Ed Barbini, a staff writer for Staten Island Advance, wrote, Friday, November 13, 1987, when a Wall Street trader paid $100,000 to charity just to talk to the mayor, he must have had an important message. And when that messenger came to Prall Intermediate School yesterday, the students got to hear a free version that could pay life-saving dividends in the future.
“I can add years to your life if you listen to me,” the messenger, Joe Cherner, told six-grader students at the West Brighton school. “If one of you can turn away from cigarettes because of me, then I’ve done my job.”
Cherner, 29, made headlines earlier this year when he offered $100,000 donation to charity in exchange for a meeting with Mayor Edward I. Koch. When aides of the mayor declined, Cherner donated the money anyway.
When the Manhattan native repeated the offer in July, Koch didn’t give his assistants a chance to turn him down. The mayor picked up the tab for lunch, and Cherner agreed to contribute another $61,000 in prize money for an advertising contest open to all city school children.
That’s how “The New York City Anti-Smoking Ad Contest” was born. Students can put their butts on the line until the Dec. 24 deadline to devise a newspaper, radio or TV ad, and the top prize is a $10,000 bond and an appearance on “Good Morning America.”
“Most anti-smoking campaigns are targeted at adults, but it’s the children who are the most likely to start smoking,” Cherner said, citing statistics showing that 60 percent of all smokers start before age 14. “If this contest can get our students to think about the ways they are manipulated by the advertising campaigns from tobacco companies, they will realize some of the fallacies about smoking.
The contest has been endorsed by the Board of Education, and the results will be judged by a panel that includes Koch, U.S. Senator Alphone M. D’Amato, Dr. Ruth Westheimer, and Dr. Stephen Joseph, the city Health Commissioner.
Interested students can ask school officials how to apply. Entries can be sent to The Anti-Smoking Ad Contest, c/o Joe Cherner, 375 South End Ave., Suite 32F, New York, N.Y. 10280.

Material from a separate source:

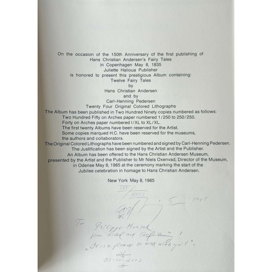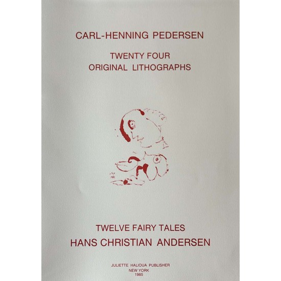 Carl-Henning Pedersen, H C Andersens Eventyr. Komplet serie med tekstark og 24 originale farvelitografier, der alle er enkeltvis håndsigneret og nummereret med romertal. I den originale lærredsbetrukne kassette . Motivernes størrelse varierer, men de er alle trykt på fornemt fransk Arches papir format 76 x 56 cm med brede margener. Litografierne har aldrig været indrammet, så de er alle i perfekt stand. Det første foto viser selve kassetten og et af de originale litografier

“It’s important to get to these kids while they are still impressionable,” said Allen Fisk, an assistant principal at Prall. “If they can’t learn from us about the health dangers of smoking, then they aren’t likely to figure it out on their own.”
Cherner has testified before the City Council in favor of a proposed law that would limit the public places that permit smoking. The bill, which is expected to be supported by the mayor, should be approved by the Council later this year.
The sponsor of the ad contest has an answer for the people who wonder why he is willing to spend so much money on anti-smoking efforts. The answer is that he doesn’t really know why he does it.
“I don’t have any secrets in my closet, and I don’t have any relatives who died a terrible death from lung cancer.” Cherner said. But I can’t stand second-hand smoke, and I can’t stand the fact that more people will die of cigarette-related diseases in America this year than of any other illness.”
Cherner came to the West Brighton school armed with leaflets, videotapes, and a rap-singer musician name “Ernest Super Cooper.” He also came armed with quick answers to the questions of Prall students.
When one six-grader wondered why her grandmother was in good health despite smoking for 50 years, Cherner said there was always a small chance that would happen.
“Of course, if I put a blindfold on you and asked you to walk across the busiest intersection in Staten Island, there’s a small chance you might not get hit, either – but is it a smart thing to do? He asked the students. “If you’re going to tempt fate by smoking, you’re got a better chance of not being hit by a car than by not developing lung cancer.”